### What the task asks
Find the line that contains "Sint Anthony Gasthuis te Groningen." in the records below, then repeat exactly that line and each one after it, leaving pictures out.

### Records excerpted from a collection
★ ★ ★
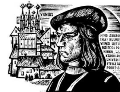
A. R. Šakalio pieš.

kitų religinių konfesijų atstovams, kai matyti, kad Lietuvoje yra valstybinė religija. Eilinį kartą paminama LR konstitucija. Skaudu.
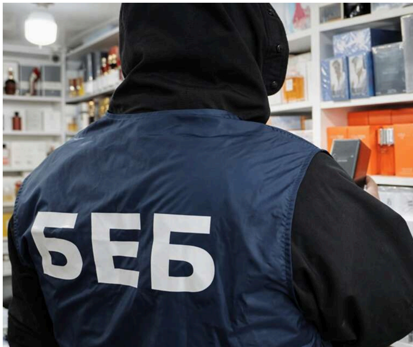
Реформа БЕБ буксує: в Полтаві скандал

Читати на руськом Додати як бажане джерело в Google
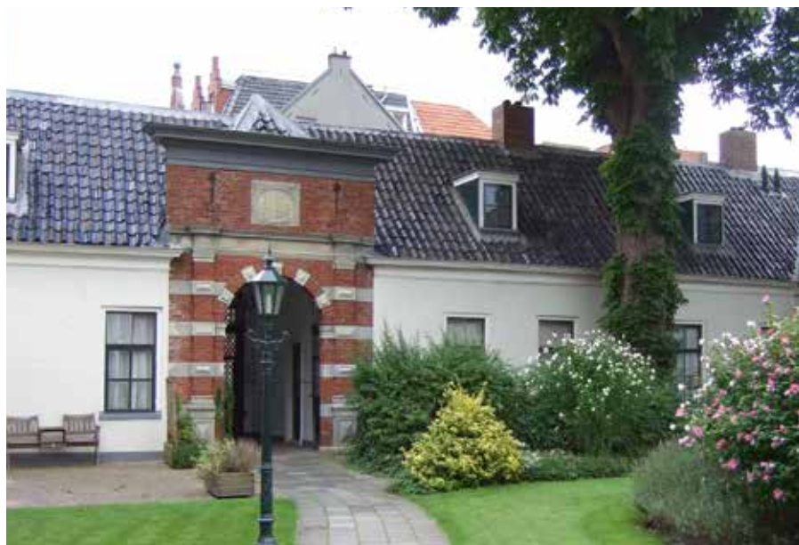
Sint Anthony Gasthuis te Groningen.
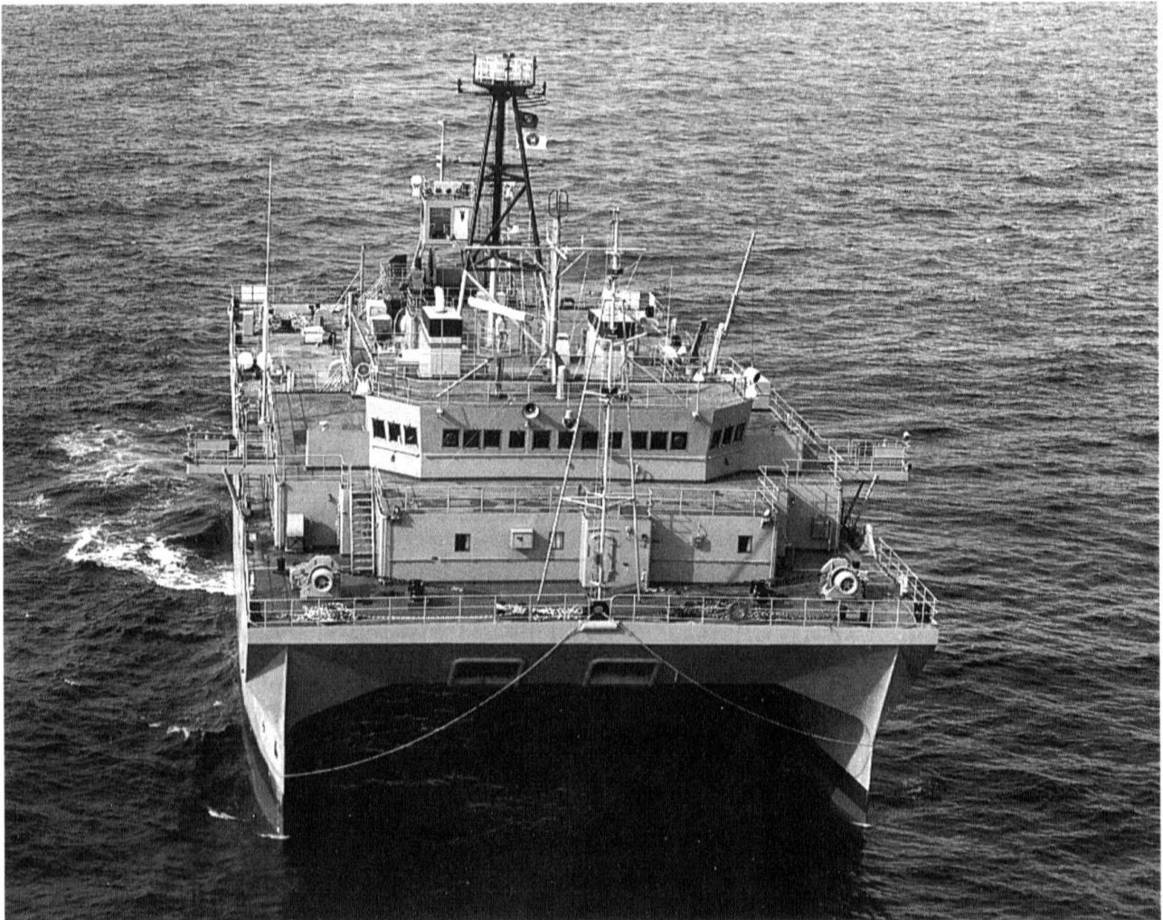
« La diplomatie navale est devenue la voie privilégiée de l'action extérieure ».

mais il revêt aujourd'hui une importance primordiale.
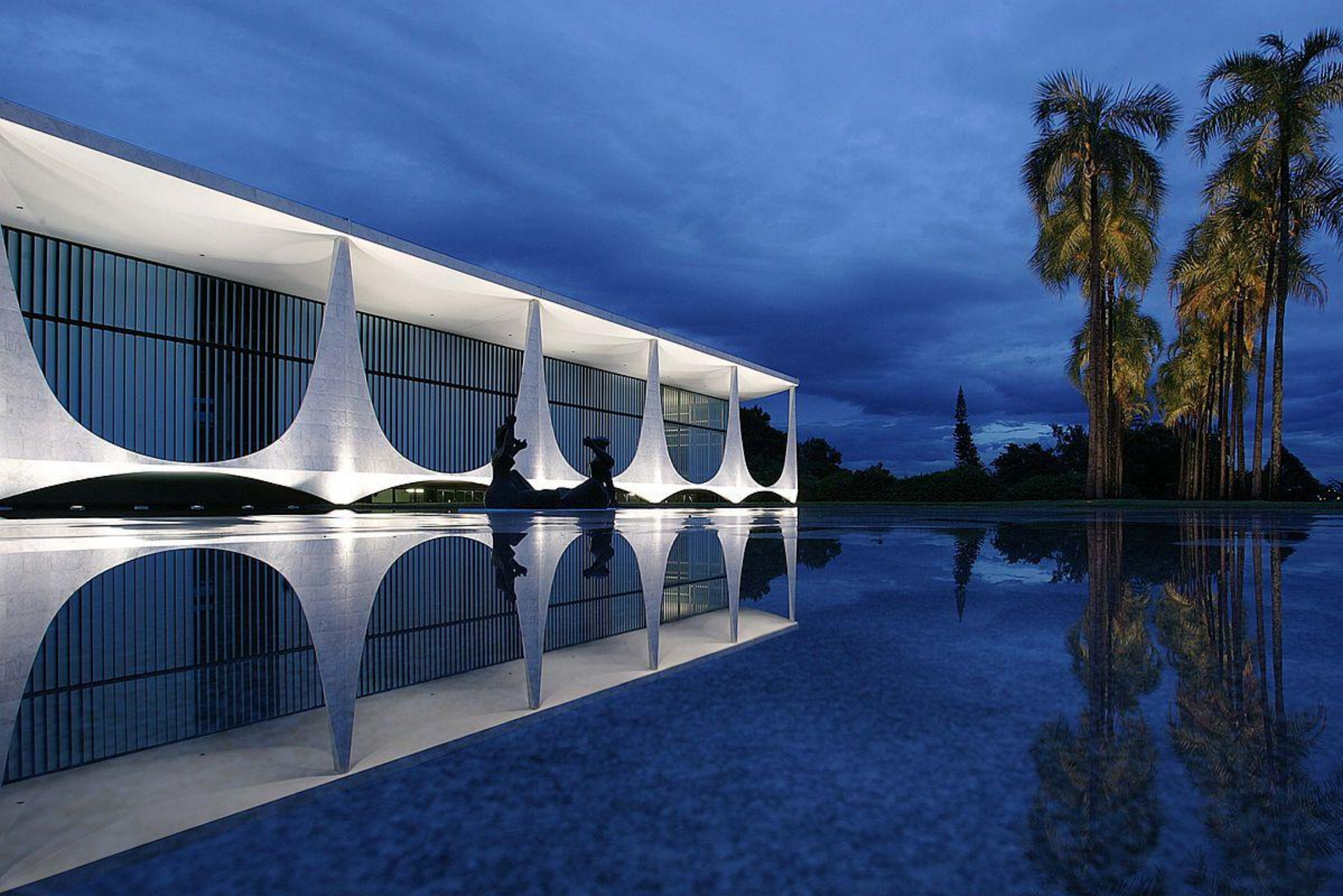
Palacio de Alvorada
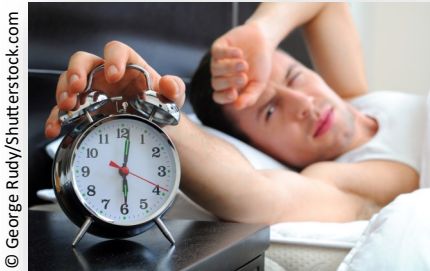
Leopoldo se despierta a las seis de la mañana.
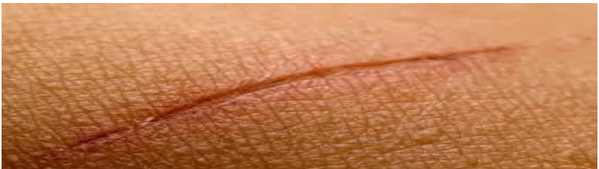
Figura N°3 Exoinfección Quirúrgica.

Al hacer referencia a la exoinfección quirúrgica a la sepsis focal y/o general producida a raíz de un acto quirúrgico en un medio quirúrgico, por invasión del o de los gérmenes que rodean al enfermo en su hábitat y que alcanzan al huésped por diferentes vías, sean a erógenas, digestivas, por inoculación o por contacto íntimo. Las infecciones postquirúrgicas se sintetizan en tres síndromes: infeccioso focal, infeccioso general, bacteriano sin sepsis e infeccioso focal, se produce cuando una asociación de gérmenes bacterianos, cocos Gram positivos o gramnegativos o bien colonias mono bacterianas: estreptococos, estafilococos, piociánicos, aerobacter, proteus, etc. desencadenan la supuración de la herida operatoria. A esto se puede agregar las miopatías como simple asociación, o asociación más infección micótica: candidas, aspergillus o macor.
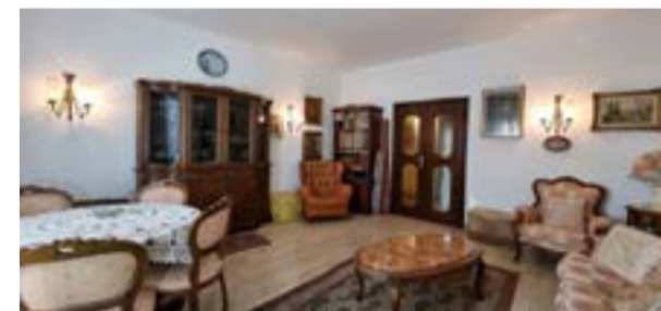
COLOGNO M.SE - via Piemonte

C. E. "G" - eph 329,54 Kwh/m 2 a Rif: 2884DZ
★ ★ ★
### Task solution
Sint Anthony Gasthuis te Groningen.
« La diplomatie navale est devenue la voie privilégiée de l'action extérieure ».

mais il revêt aujourd'hui une importance primordiale.
Palacio de Alvorada
Leopoldo se despierta a las seis de la mañana.
Figura N°3 Exoinfección Quirúrgica.

Al hacer referencia a la exoinfección quirúrgica a la sepsis focal y/o general producida a raíz de un acto quirúrgico en un medio quirúrgico, por invasión del o de los gérmenes que rodean al enfermo en su hábitat y que alcanzan al huésped por diferentes vías, sean a erógenas, digestivas, por inoculación o por contacto íntimo. Las infecciones postquirúrgicas se sintetizan en tres síndromes: infeccioso focal, infeccioso general, bacteriano sin sepsis e infeccioso focal, se produce cuando una asociación de gérmenes bacterianos, cocos Gram positivos o gramnegativos o bien colonias mono bacterianas: estreptococos, estafilococos, piociánicos, aerobacter, proteus, etc. desencadenan la supuración de la herida operatoria. A esto se puede agregar las miopatías como simple asociación, o asociación más infección micótica: candidas, aspergillus o macor.
COLOGNO M.SE - via Piemonte

C. E. "G" - eph 329,54 Kwh/m 2 a Rif: 2884DZ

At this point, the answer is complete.